The “First” came out with the Small Food. We had ordered a dish of goat cheese, roasted peppers, fava beans, grilled fennel, and roasted garlic dressing; and the crayfish timbale, with spicy shrimp sauce. Comfort food? Eclectic? I don’t think that covers it. These two dishes were presented beautifully on simple white china plates and rivaled each other in both taste and elegance. The pieces of goat cheese, rolled in a light coating and then deep-fried, looked like toasted-coconut marshmallows. Eating the cheese with a piece of the pepper and grilled fennel, I felt like I was dining in a chic nouvelle cuisine restaurant.


Crayfish timbale with spicy shrimp sauce.

Other Small Food choices include veal cheek pot au feu with broth and potatoes, Alsatian onion tart, brie & almond baklava, mushroom and onion spring roll with sweet soy sauce and wonton, chicken chow mein, and chicken wings slow-roasted in the chef’s Jamaican jerk sauce. Yes, I’m going back.
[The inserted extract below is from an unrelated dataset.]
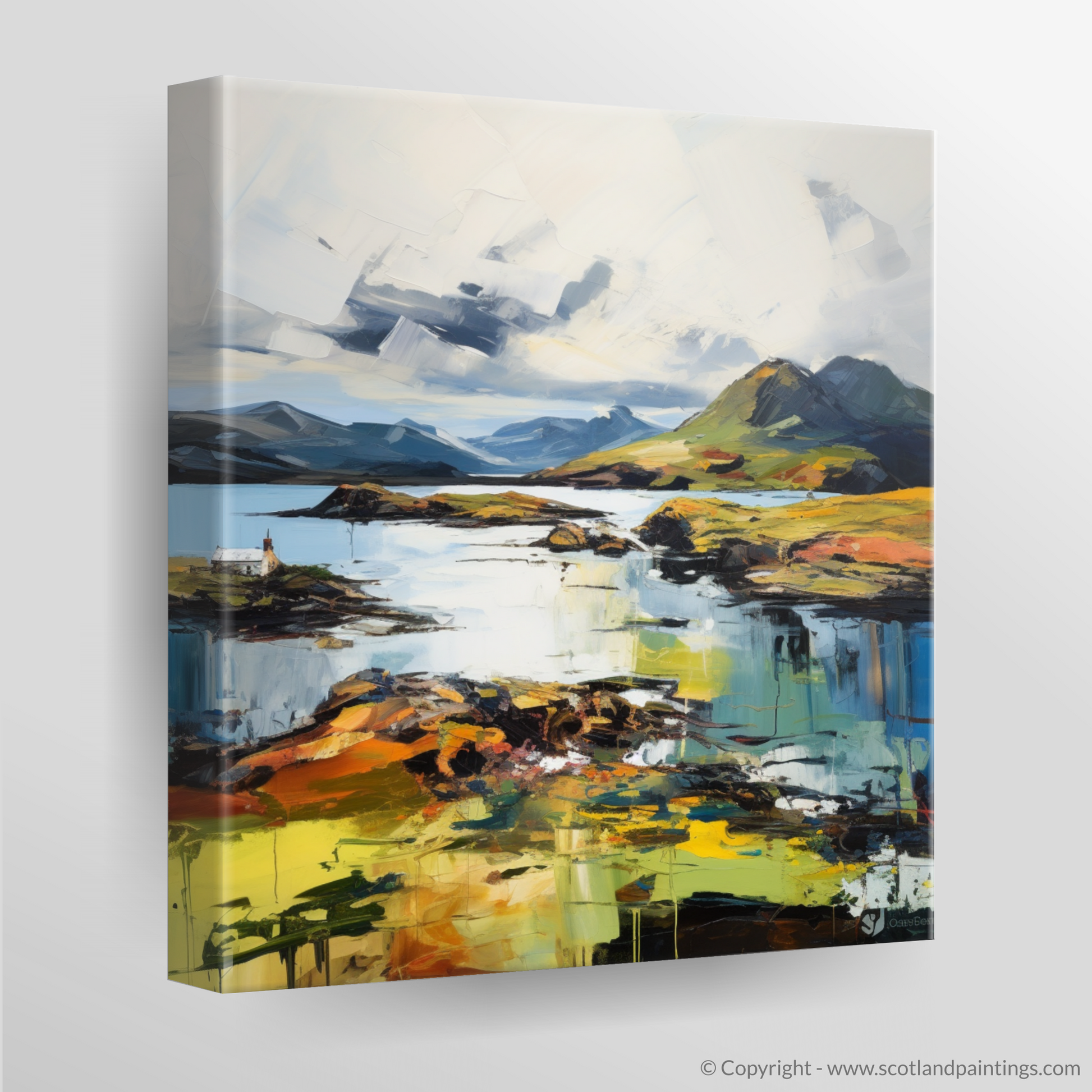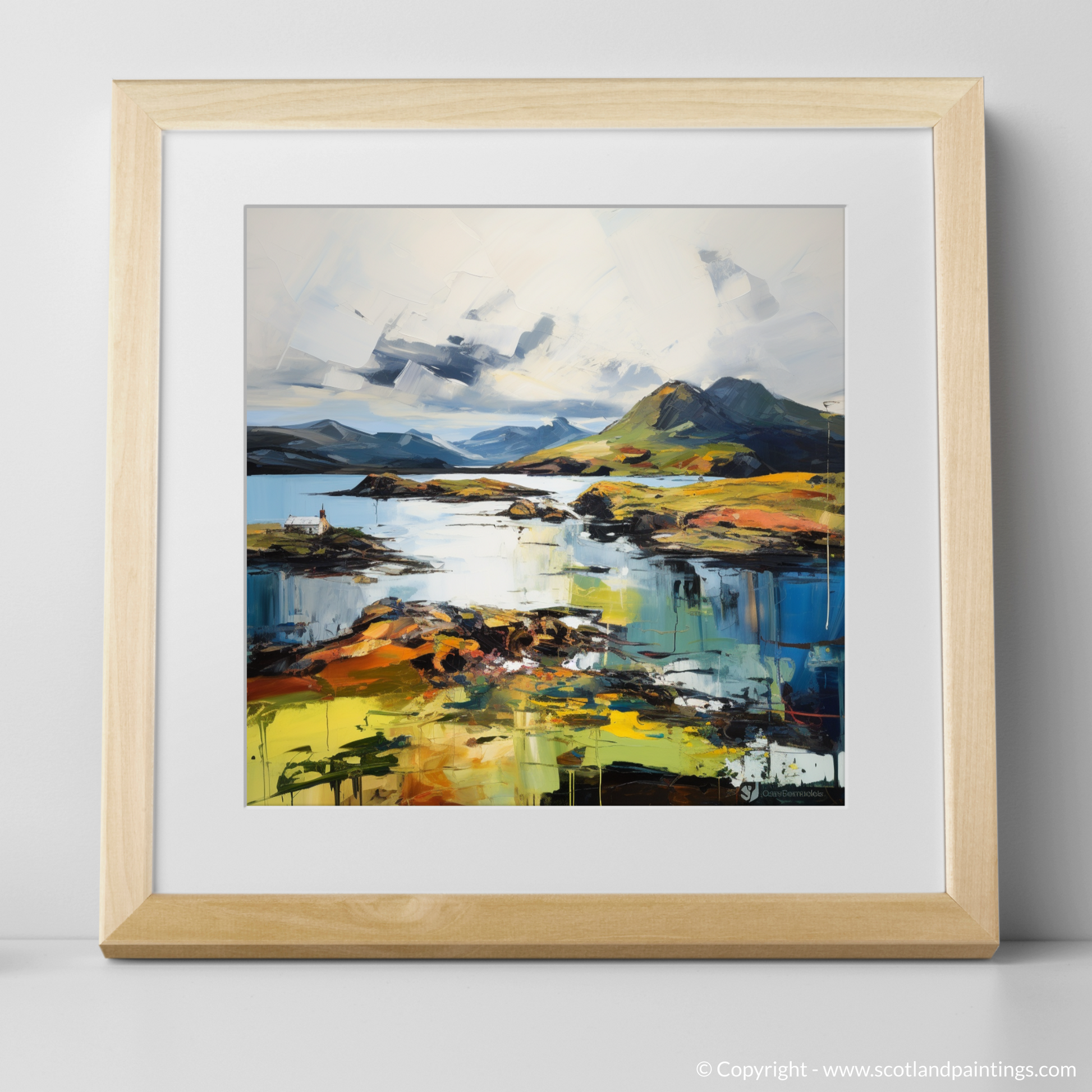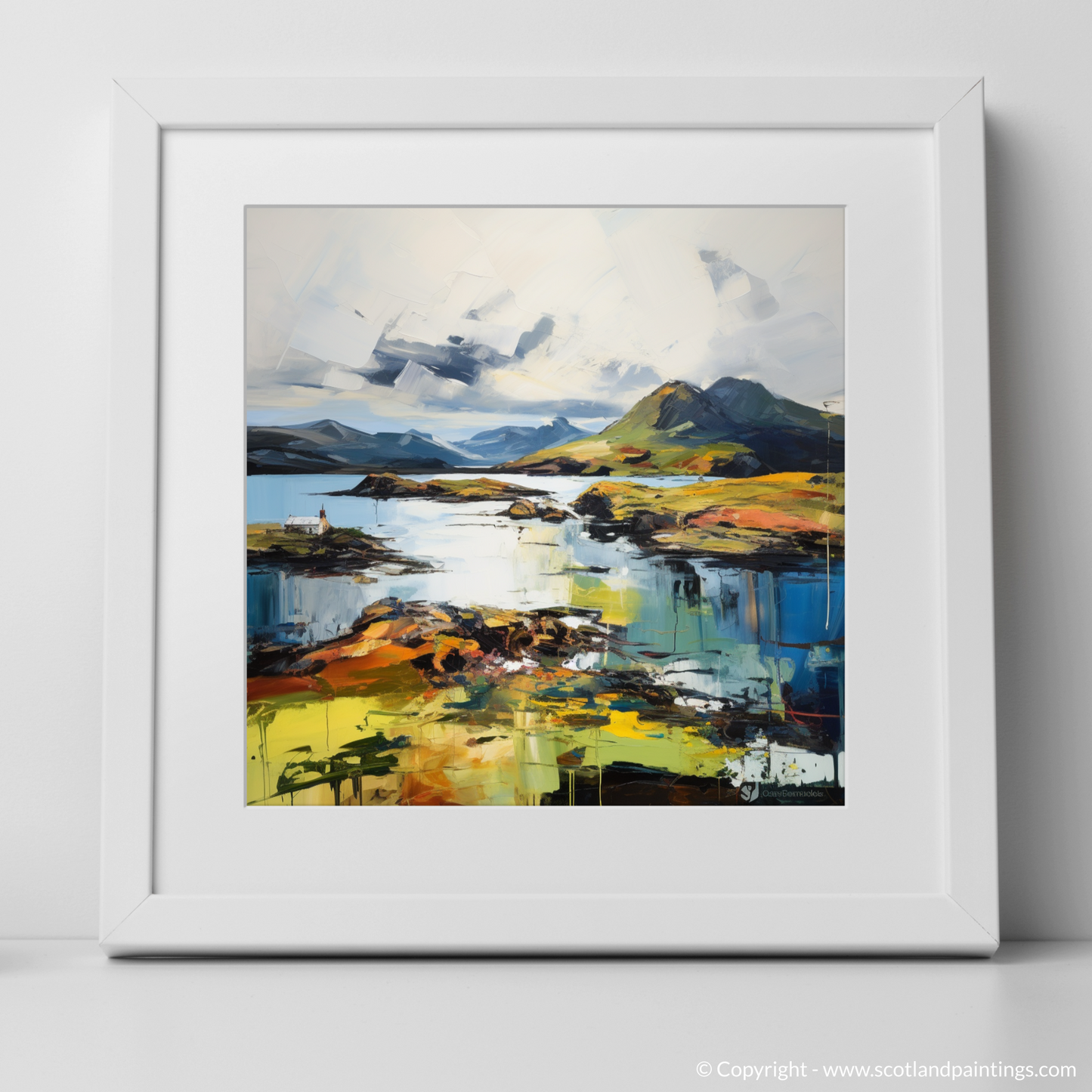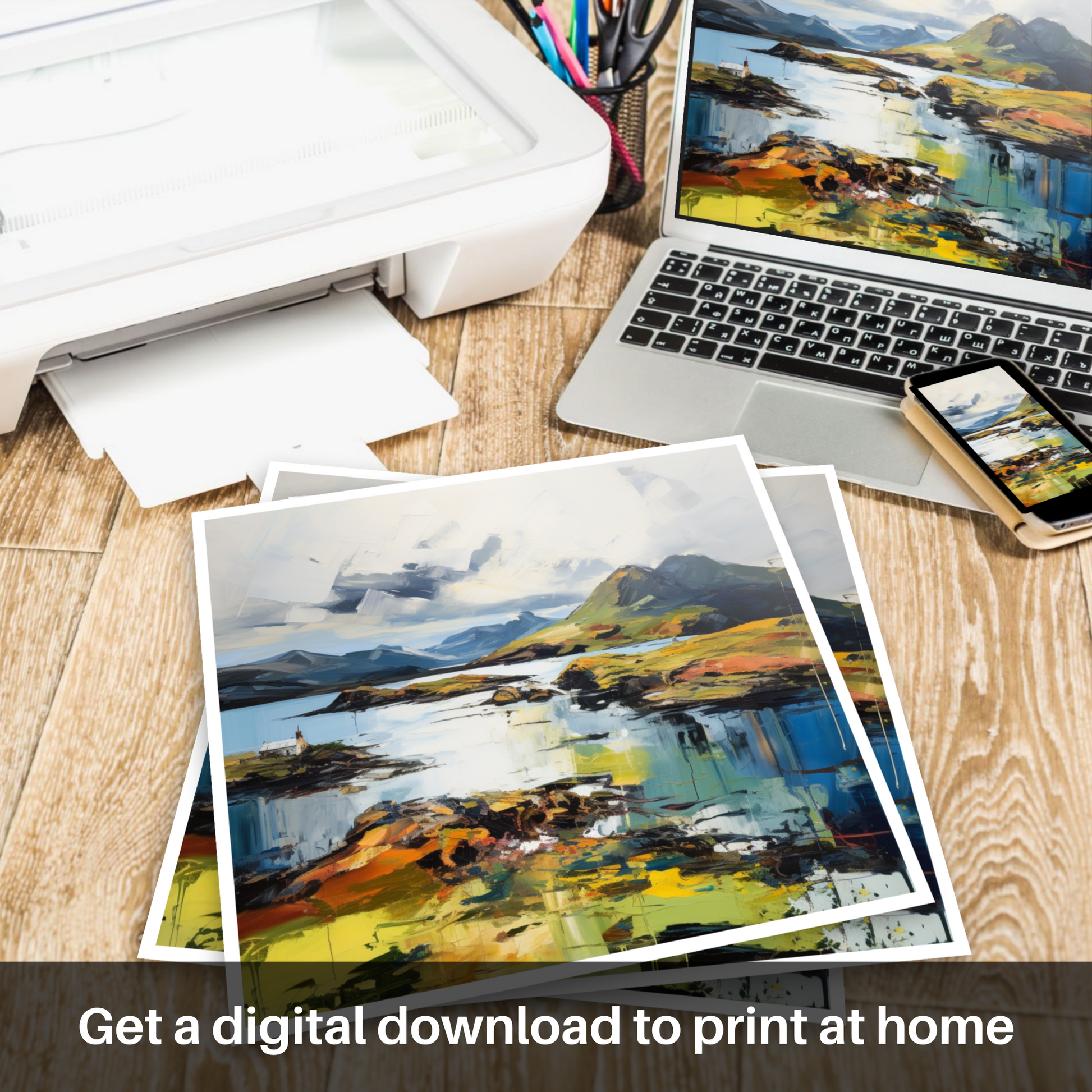 Capturing the untamed beauty and dramatic contrasts of the Isle of Rum, this expressive print brings to life the rugged landscape of the Inner Hebrides with a modern twist. The artwork features bold, impasto strokes that evoke the wild, primeval character of the Scottish island, enveloping viewers in a landscape where the earth meets the sky in a symphony of colour.

The Big Food item which came to the table next was the Meatloaf Bourguignon, served with potatoes and carrots. Because the menu didn’t specify the type of potatoes, somehow I had imagined parslied potatoes or perhaps roasted potatoes of some kind. What came on the plate were three large golden-brown balls. I pierced one with my fork and found it to be rather soft and fluffy inside, not crispy or crunchy, though it appeared to be fried. I walked over to Gillian at the grill and inquired about these potato balls.

“Oh, those,” she said matter-of-factly. “I just mix together pancake batter and mashed potatoes.” My dining partner sampled them and said the taste reminded her of potato puffs. I loved them, too—they were definitely comforting.

The meatloaf itself was moist and flavorful, as I’d hoped, but the sauce came as a surprise. I was expecting good old-fashioned brown gravy. While it did look brown and thick, it tasted like a demi-glace sauce, the kind better suited to tenderloin medallions. I ate the meatloaf plain and scraped off the sauce, which turned out to be delicious for dipping the potatoes in.

Pork chops, New England pot roast, seared salmon with cracked pistachios, a daily catch (which was rockfish that night), roasted chicken, and sautéed shrimp round out the other “Big Food” offerings.

Dessert was an afterthought. It was getting really busy and the waiter was rushed. We ordered an a la mode Apple Pandowdy with brown-sugar cinnamon, instead of the warm chocolate tart as the waiter had suggested. The cup of coffee my dining partner ordered came to the table in a gigantic—I mean huge—mug. She sat there and drank the whole thing. As we left, we said good-bye to Gillian and walked past the rapidly forming line of Colorado Kitchen people—dressed in everything from truck-stop attire to casual cool to Paris polish.

The Colorado Kitchen is located at 5515 Colorado Avenue NW, Washington, D.C. 202-545-8280. Lunch is served on Friday only from 11:30 a.m. to 2:30 p.m. Dinner is served Wednesday through Saturday from 5 p.m. to 10 p.m. and on Sunday from 5 to 9 p.m. Brunch is served Saturday and Sunday from 11 a.m. to 3 p.m. Beer and wine now available. Brunch menu at www.coloradokitchen.info.

For unusual kitchen utensils visit their store, “Datso,” three doors down from the restaurant, open on Saturday and Sunday during brunch.